ZTE went for broke at Mobile World Congress, setting up a big stand which dominated the entrance to Hall 3 (one of the main halls, by the way). Then like something straight out of a 90s video gaming convention, filled it with booming music and models dressed in flimsy white dresses.
It was hilarious. Especially since these women, dotted throughout the stand (at one point I counted 15 of them on the job), had no idea about any of the phones. They were literally eye candy in the most sexist form of the word. It also did a good job of ensuring that the stand was mostly female free (amongst visitors, I mean) and full of lecherous old men giggling like school boys. That was also funny.
ZTE were also quite generous – there seemed to be a near constant stream of giveaways, competitions and generally loud speaker noise that drew attendees like moths to a flame.
So, ZTE was going for broke – but how were its phones? Much like every other Android phone on show, just filled with more superfluous apps and bloatware. To be fair ZTE is a budget smartphone maker, that is following Huawei’s business model (just a year or so behind), that is, dominate the low end (also sell white label to other companies), move into the mid-range and one day pop out some premium devices.
ZTE haven’t really produced any top shelf devices (yet), and its low end devices have sold very strongly in emerging markets – it is now the fourth biggest phone maker in the world.
So bearing this criteria in mind I spent some time playing with the new ZTE Grand S LTE phone (its new flagship smartphone) and the ZTE Grand Memo (its new 5.7-inch phablet). As readers know, I’ve never been a fan of the phablet concept (that is, oversized phones that fit somewhere between tablets and smartphones) and the Grand Memo isn’t terribly different. It is truly huge.

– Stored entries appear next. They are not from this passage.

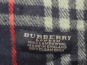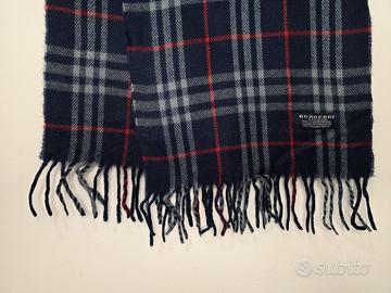 Sciarpa elegante Unixes iconica Burberry Stampata tartan colore predominante blue marino con righe rosso e bianco Realizzata in pura lana vergine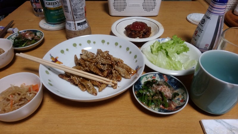 晩ごはんは、ごぼう天などで焼酎お湯割りを二杯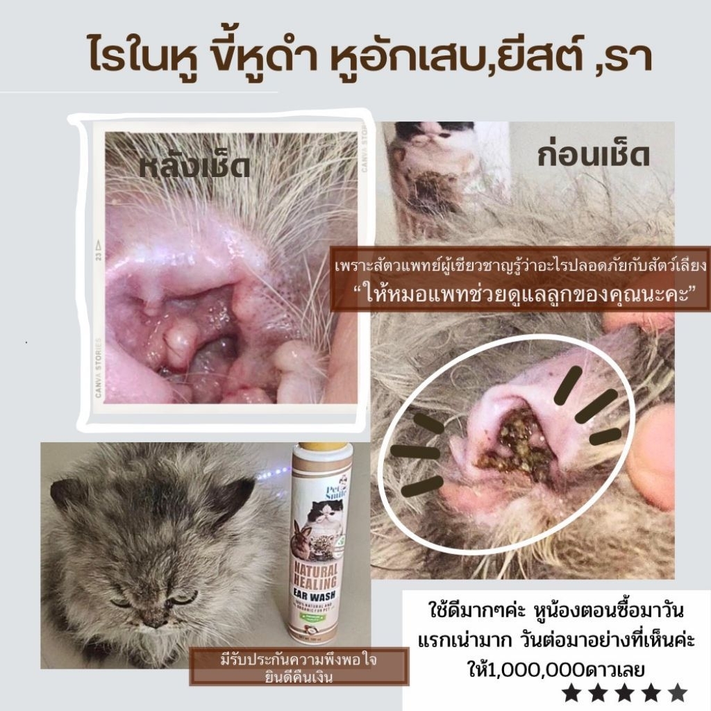 Petsmile น้ำยาเช็ดหูแมวสูตรสัตวแพทย์ (Doctor Chopetch) แก้ไรหู ขี้หูดำยีสต์เชื้อราลดกลิ่นเหม็นออร์แกนิกไม่แสบ100ml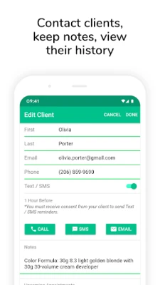 Clients can book appointments from your website, or from a "Book Now" button on your Facebook or Instagram page. With the scheduling app, you can manage your calendar on the go.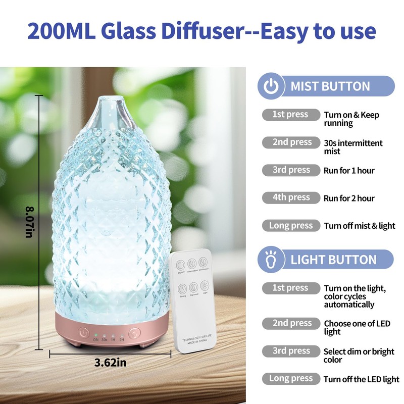 - LOW NOISE--The mist and light functions of this glass oil diffuser work separately. You can turn off the light at night while resting or use this glass diffusers for essential oils as a nightlight. Add 3-5 drops of your favorite essential oils to ensure a pleasing atmosphere for you to relax. The super quiet glass diffuser (<30dB)won't disrupt your peaceful night.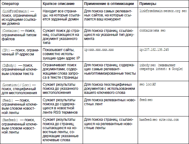 Несмотря на то, что Bing не очень широко используется для оптимизации, он тоже может помочь лучше понять проблемы вашего сайта в плане оптимизации и эффективно найти ценную информацию для оптимизации. Кроме того, Bing предлагает несколько уникальных операторов поиска, которые стоят того, чтобы их рассмотреть (табл. 2.6).

Surprisingly it doesn’t feel as cheap as I’d expected, the build quality is similar to Samsung’s original phablet, the Galaxy Note (and its successor), and its internals are impressive. Despite a poor screen (it comes in at 1280 x 720 – visibly low for a large screen), it is the first ever device to use Qualcomm’s newest system on a chip Snapdragon 800, and will have quad core Krait CPUs running at a whopping 1.5GHz. To power a screen and processor of this size, ZTE have thrown in a huge 3200 battery. To the company’s credit, the device still didn’t feel terribly heavy, nor had it added too much thickness to the body. It also gets a 13MP camera (which we couldn’t really test inside a convention centre), 4G LTE support and 2GB of RAM.
Despite its average screen, the phablet blasted through all apps on show seamlessly, and games such as Riptide GP all worked flawlessly.

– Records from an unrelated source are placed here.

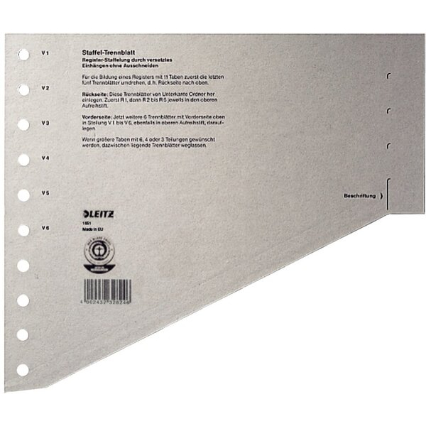 Die Staffel-Trennblätter von Leitz aus der Serie 1651 bieten Ihnen eine praktische und flexible Lösung zur Organisation Ihrer Dokumente. Durch die gestaffelte Anordnung können Sie Register mit 3, 4, 6 oder 11 Blatt bilden. Zudem sind die Trennblätter durch das zusätzliche Ausschneiden von vier Taben auf insgesamt 15 Blatt erweiterbar. Eine Gebrauchsanweisung ist auf jedem Blatt aufgedruckt, um Ihnen die Handhabung zu erleichtern.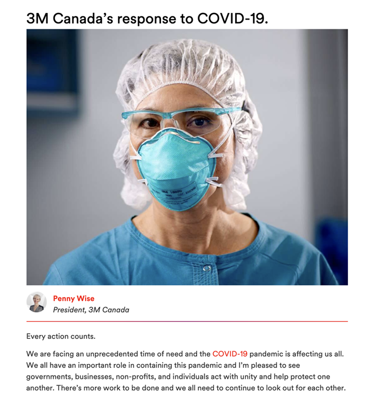 3M公司加拿大区总裁佩妮·怀斯也发表公开信说,“我们将不遗余力,竭尽所能增加加拿大N95口罩的供应,以支持我们的一线医护人员和工作人员。”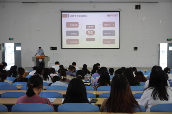 宣讲企业有山东惠发食品股份有限公司、青岛新希望琴牌乳业有限公司、山东康华生物医疗科技股份有限公司、新发药业有限公司。学院的辅导员、产学研办公室老师及部分骨干教师也来到现场,为企业与同学们之间搭建了实习就业桥梁。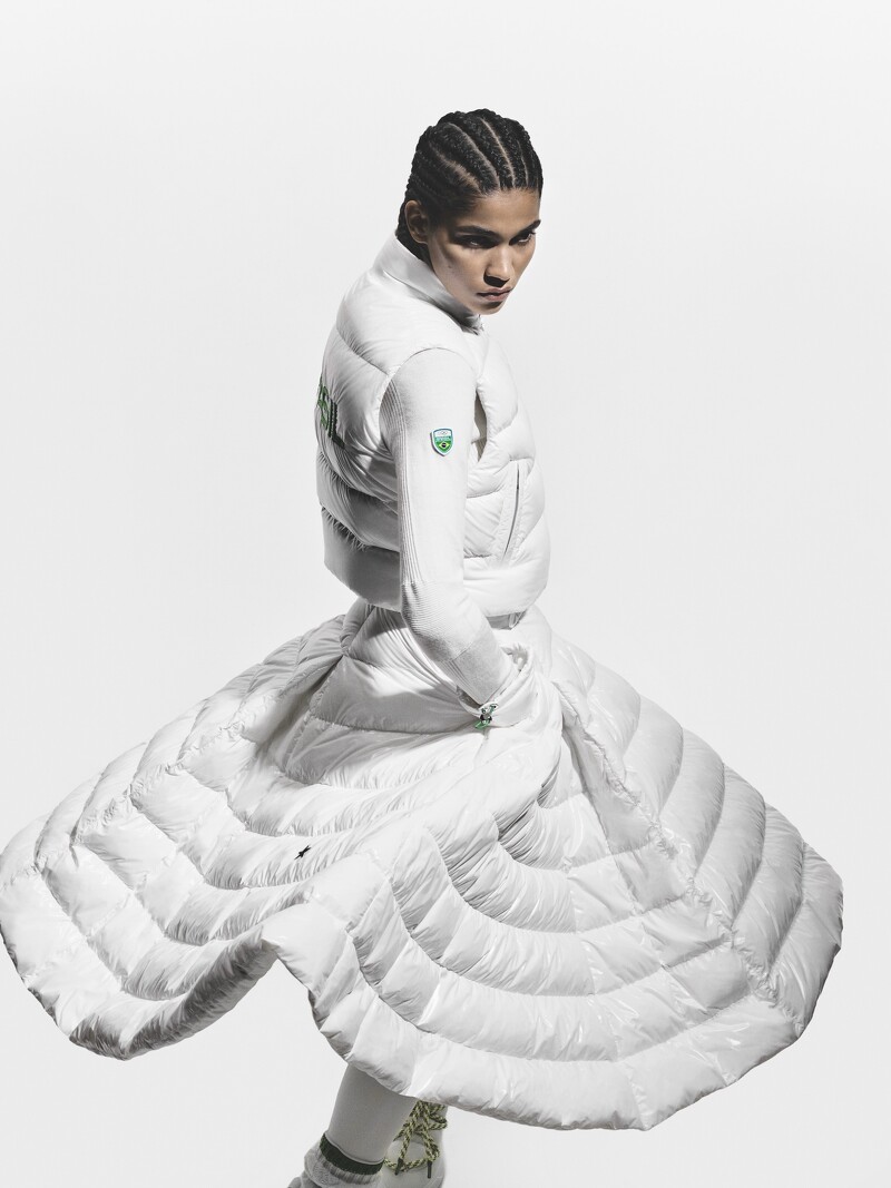 身為2026冬奧的地主,義大利代表團再次由時尚教父 Giorgio Armani旗下的 運動主力品牌Emporio Armani (EA7) 傾心打造,且本次作品更被視為是Giorgio Armani生前參與製作的最後一次奧運隊服,備受各界關注。設計延續了品牌一貫的優雅與簡約,純白色基調裡加入義大利國旗色彩綠色、紅色線條,服裝結構俐落,沒有過多的綴飾,僅透過高品質的面料與極致的剪裁展現出義式美學,簡單有力。

The device is expected to launch in the second quarter of this year, but specs will vary between countries and regions, ZTE said. The spokesperson would not comment on UK release dates or pricing – so it’s hard to make a call on it as a value proposition.

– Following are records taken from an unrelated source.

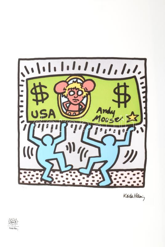 Keith Haring (1958-1990): Andy Mouse. Ofszet – lito papír, jelzett a nyomaton. Számozott: 117 /150. Keith Haring Foundation szárazpecséttel jelzett. Tanúsítvánnyal. Képméret 33×42 cm, Lapméret: 70×50 cm / Numbered, marked 70×50 cm<a href="https://ww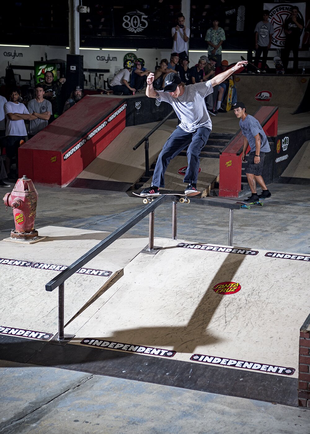 Jonathon Reese’s “warm-up” Boardslide up in over bigspin out before taking the win with a Front Blunt Bigspin the awkward way.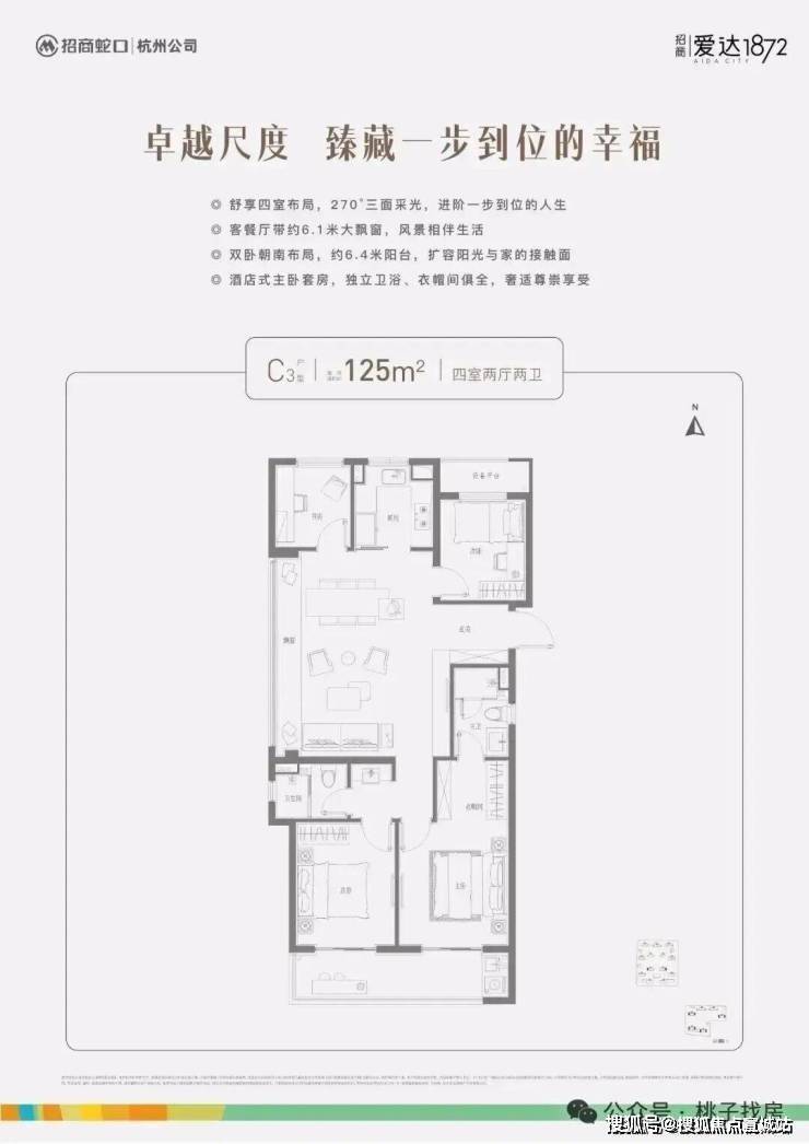 约270°采光面、双卧朝南动静分离、二分离式公卫、主卧豪华套房,不说别的,就冲着图中展示的各项维度,这套大四房就值得用心珍藏。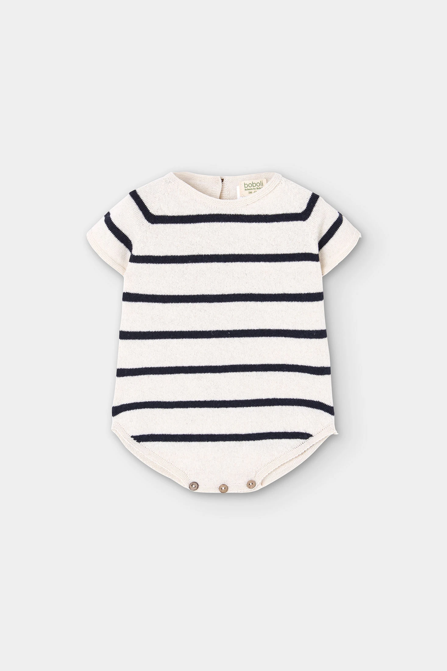 Tutina in maglia per neonato con design a righe. Appartiene alla capsule REBORN by Boboli, una collezione realizzata con filato riciclato post-consumo. Il tessuto leggero e traspirante assicura comfort per tutto il giorno, mentre i bottoni sul fondo facilitano il cambio del pannolino. Presenta scollo rotondo e maniche corte. Un capo basic versatile da indossare da solo o con una giacchina leggera.

The ZTE Grand S was unveiled at CES, and again, while impressive under the hood (although we don’t know pricing) the Android skin/theme ZTE has used is full of bloatware and unnecessary features – they have thrown everything at the wall to see what sticks. There are low budget photography apps that barely work, silly 3D animations all through the front end (and on the homescreen) that do little more than annoy and knock off versions of apps such as office, it just work well and makes for a messy user experience.
More impressive was the budget Mozilla Firefox phone the ZTE One, which using a free and open source OS makes sense in emerging markets. It will only be available to South American customers at this stage. It functions fairly well for a low end device, but is otherwise not outstanding.